Critical Accounting Policies and Estimates
The preparation of financial statements in conformity with GAAP requires us to
make estimates and assumptions that affect the reported amounts of assets and
liabilities and the disclosure of contingent assets and liabilities at the date
of the condensed consolidated financial statements and the reported amounts of
revenues and expenses during the periods reported. On an on-going basis, we
evaluate our estimates and judgments, including those related to product
returns, inventories, long-lived asset impairment, impairment of trade names,
income taxes and warranty costs. We base our estimates and judgments on
historical experience and on various other factors that we believe to be
reasonable under the circumstances. Our estimates form the basis for making
judgments about the carrying values of assets and liabilities that are not
readily apparent from other sources. Actual results may differ from these
estimates under different assumptions or conditions.

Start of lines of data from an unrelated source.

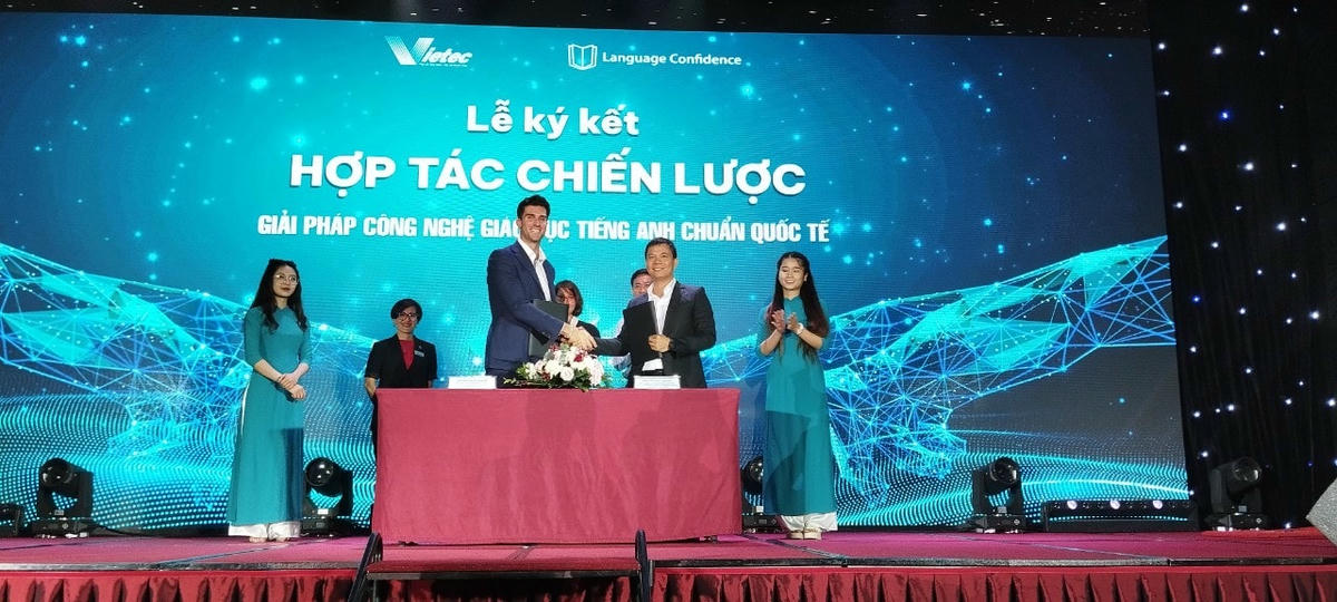 Đặc biệt, trong khuôn khổ sự kiện, Vietec đã chính thức ký kết hợp tác chiến lược cùng Language Confidence – Công ty hàng đầu của Úc trong lĩnh vực cung cấp giải pháp trí tuệ nhân tạo (AI) để cùng Vietec kiến tạo nên giải pháp Language Hub hoàn thiện về nội dung và đột phá về công nghệ.
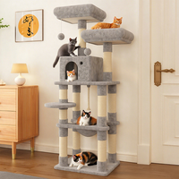 Cat scratching board cat climbing frame 153 cm high with cat hole hammock cat climbing tree plush brown cat tree cat tower $95.84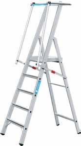 Robust och smidig hantverkarställning med enkel hantering av ställningsramen tack vare smidig enhandslåsning, ställningen låses och fälls ihop med bara ett klick. Utrustad med Ø 125 mm länkhjul med låsningsbroms, kan uppgraderas till höjdjusterbara hjul med hjälp av hjuladapter. Plattformsstorlek 1,80 x 0,60 m.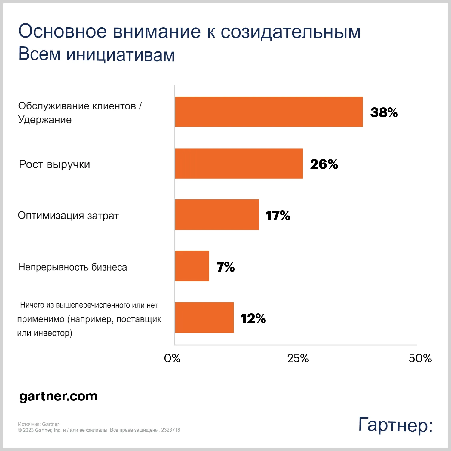 В недавнем опросе на вебинаре Gartner, в котором приняли участие более 2500 руководителей, 38% указали, что качество обслуживания клиентов и удержание их является основной целью их инвестиций в генеративный ИИ. За этим последовал рост выручки (26%), оптимизация затрат (17%) и непрерывность бизнеса (7%).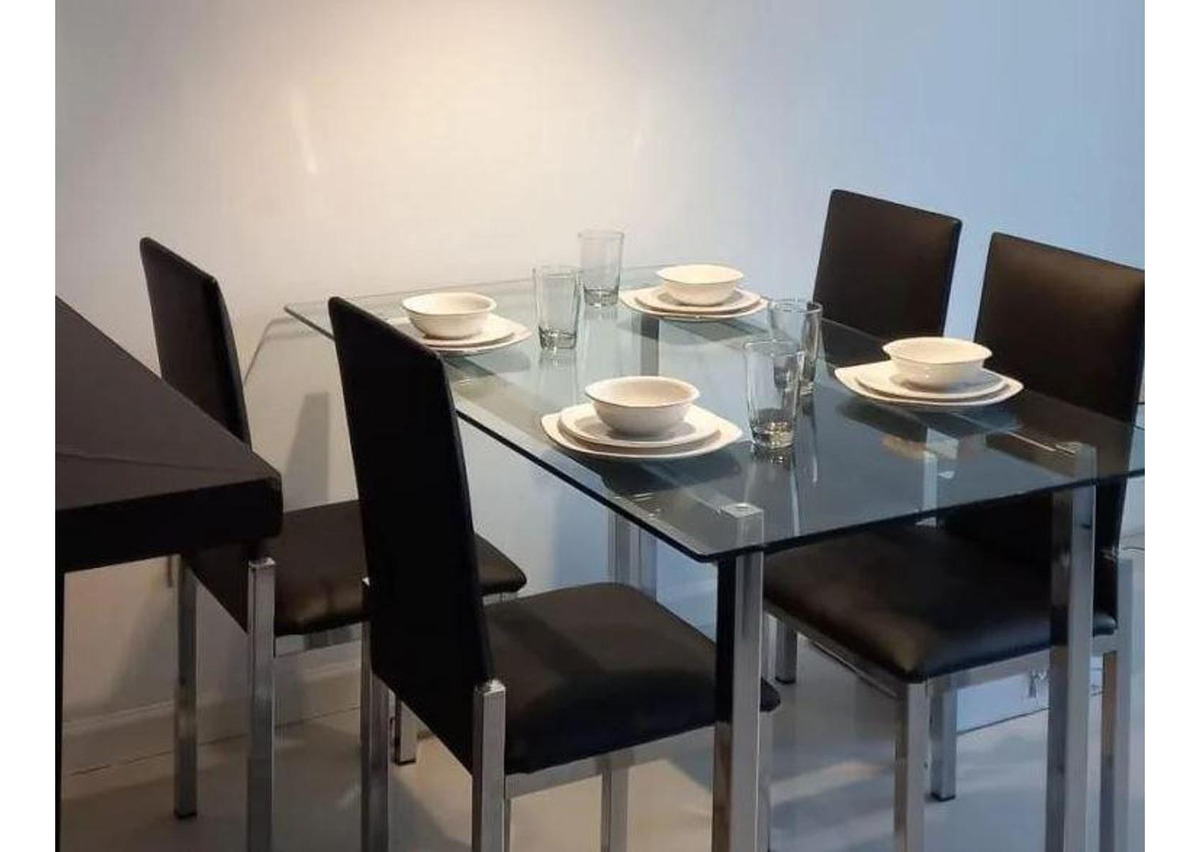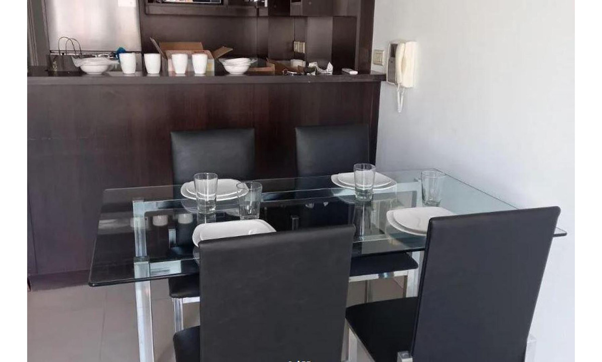 Cuenta con un Living comedor con mesa de cuatro sillas, sillón, Smart TV 43 , muebles modulares, aire acondicionado frio/ calor, agradable ambiente. El área de la Cocina ofrece heladera con freezer, microondas, jarra eléctrica, vajilla, cocina y horno eléctrico.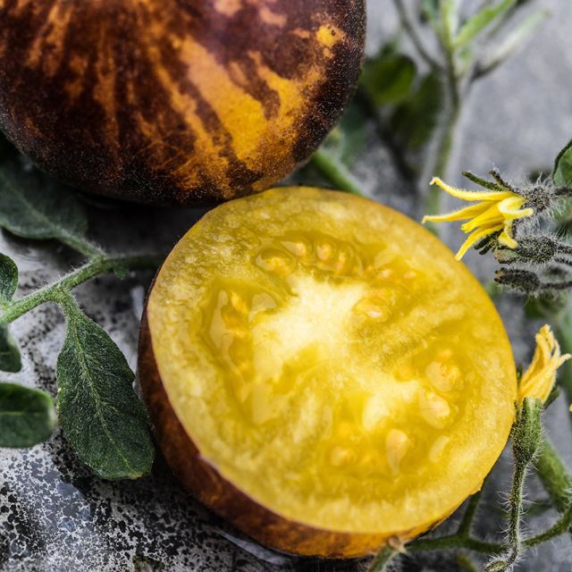 Wooly Kate Tomato – A rare breed of tomato, this sunny yellow fruit with blue shoulders is covered in a light peach fuzz! These cocktail-type tomatoes reach 2-3 inches in diameter, making them an excellent snack tomato. It is also wonderful in salads and cooked dishes. From the legendary tomato breeder Tom Wagner.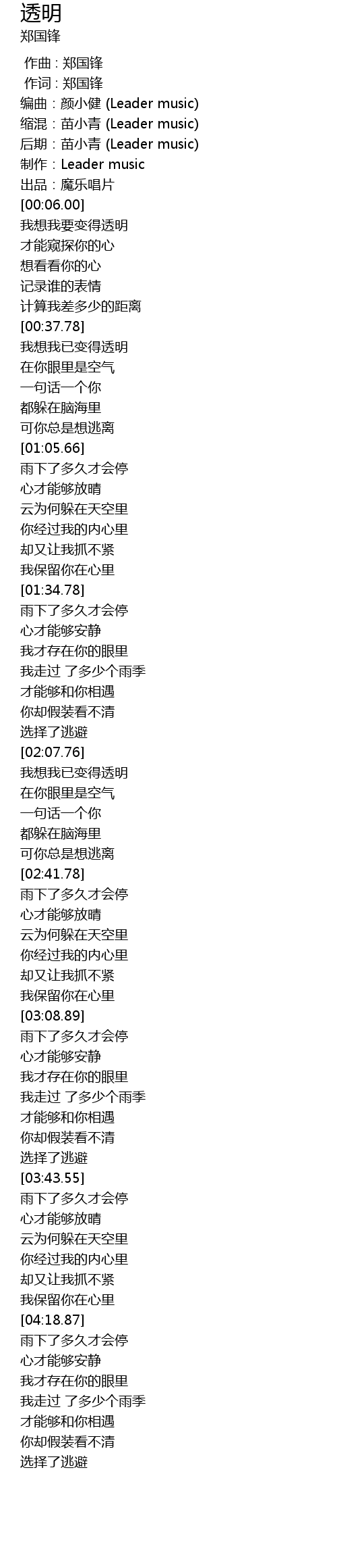 | [00:04.00] | 制作:Leader music |
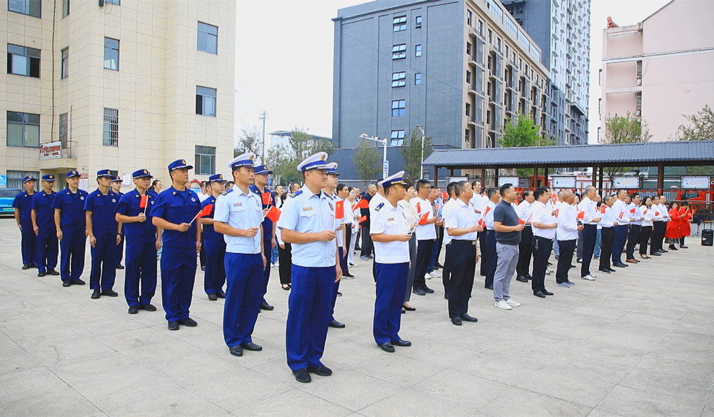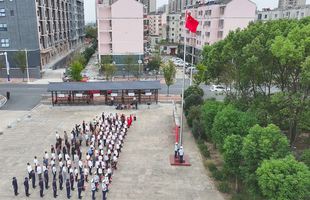 上午8時整,在太平社區(qū)活動廣場上,社區(qū)黨員、群眾、社區(qū)消防員以及社區(qū)黨建共建單位的黨員干部約200余人整齊列隊。大家懷著滿腔激情,參加升國旗儀式。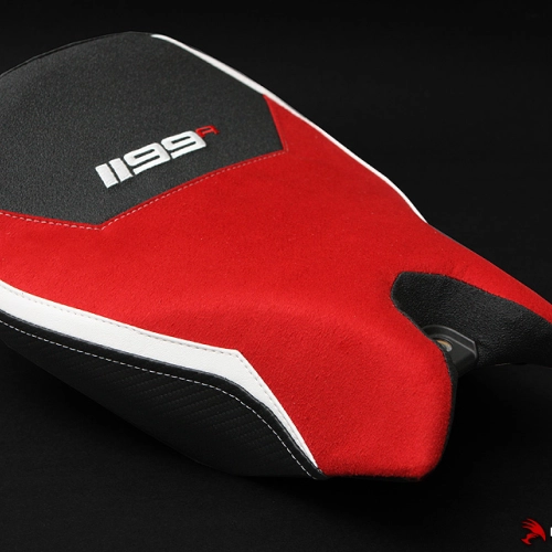 High quality Luimoto Seat cover "Confort" Ducati Panigale 1199 11-15 made in Canada. The brand designs products with a superb finish: detailed embroidery, navy vinyl, carbon style fabric or high quality suede leather... The design and colours are customised to match the look of your bike.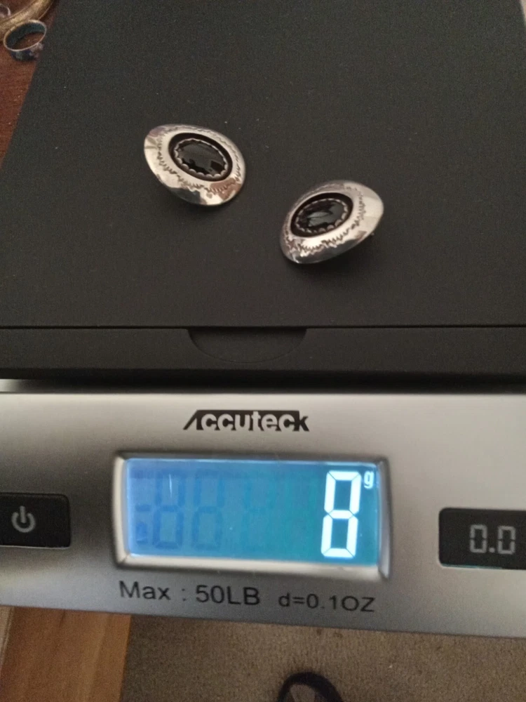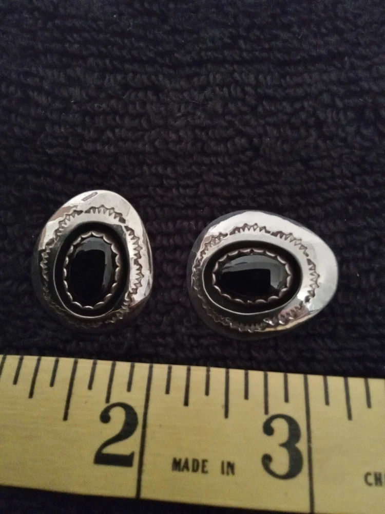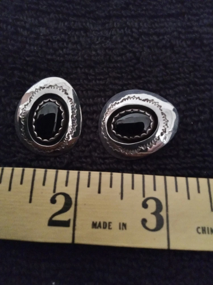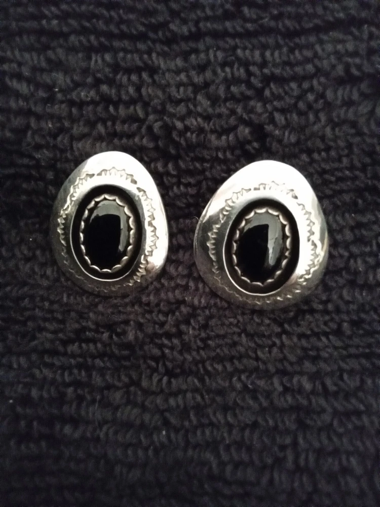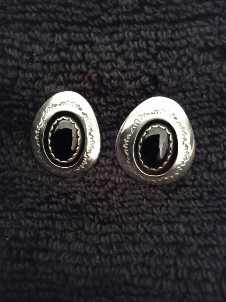 These Zuni Native American earrings feature black onyx stones set in sterling silver. They are earrings for the lobe. The earrings are vintage and signed by the maker. The style is handmade with a bezel setting, showcasing the oval black onyx stones. This authentic Native American jewelry is a stunning addition to any collection.

There have been no changes to the critical accounting policies disclosed in
"Part II, Item 7. Management's Discussion and Analysis of Financial Condition
and Results of Operations" included in our Annual Report on Form 10-K for the
fiscal year ended December 28, 2019.

Forward-Looking Statements
The statements contained and incorporated by reference in this Quarterly Report
on Form 10-Q that are not historical facts, including, but not limited to,
statements regarding our expected financial position, results of operations,
business and financing plans found in this "Item 2. Management's Discussion and
Analysis of Financial Condition and Results of Operations" and "Item 3.
Quantitative and Qualitative Disclosures About Market Risk," constitute
"forward-looking statements" within the meaning of the Private Securities
Litigation Reform Act of 1995 and involve a number of risks and uncertainties.
The words "may," "believes," "expects," "plans," "intends," "estimates,"
"anticipates" and similar expressions identify forward-looking statements. The
actual results of the future events described in such forward-looking statements
could differ materially from those stated in such forward-looking statements.
Among the factors that could cause actual results to differ materially are: the
effect of worldwide economic conditions; the impact of COVID-19; the length and
severity of COVID-19; the pace of recovery following COVID-19; significant
changes in consumer spending patterns or preferences; interruptions or delays in
the supply of key components; acts of war or acts of terrorism; changes in
foreign currency valuations in relation to the U.S. dollar; lower levels of
consumer spending resulting from a general economic downturn or generally
reduced shopping activity caused by public safety or consumer confidence
concerns; the performance of our products within the prevailing retail
environment; customer acceptance of both new designs and newly-introduced
product lines, including risks related to the expanded launch of connected
accessories; financial difficulties encountered by customers; the effects of
vigorous competition in the markets in which we operate; the integration of the
organizations and operations of any acquired businesses into our existing
organization and operations; risks related to the success of our restructuring
programs; the termination or non-renewal of material licenses, foreign
operations and manufacturing; changes in the costs of materials, labor and
advertising; government regulation and tariffs; our ability to secure and
protect trademarks and other intellectual property rights; and the outcome
of current and possible future litigation.
In addition to the factors listed above, our actual results may differ
materially due to the other risks and uncertainties discussed in our Quarterly
Reports on Form 10-Q and the risks and uncertainties set forth in our Annual
Report on Form 10-K for the fiscal year ended December 28, 2019. Accordingly,
readers of this Quarterly Report on Form 10-Q should consider these facts in
evaluating the information and are cautioned not to place undue reliance on the
forward-looking statements contained herein. We undertake no obligation to
update or revise publicly any forward-looking statements, whether as a result of
new information, future events or otherwise, except as required by law.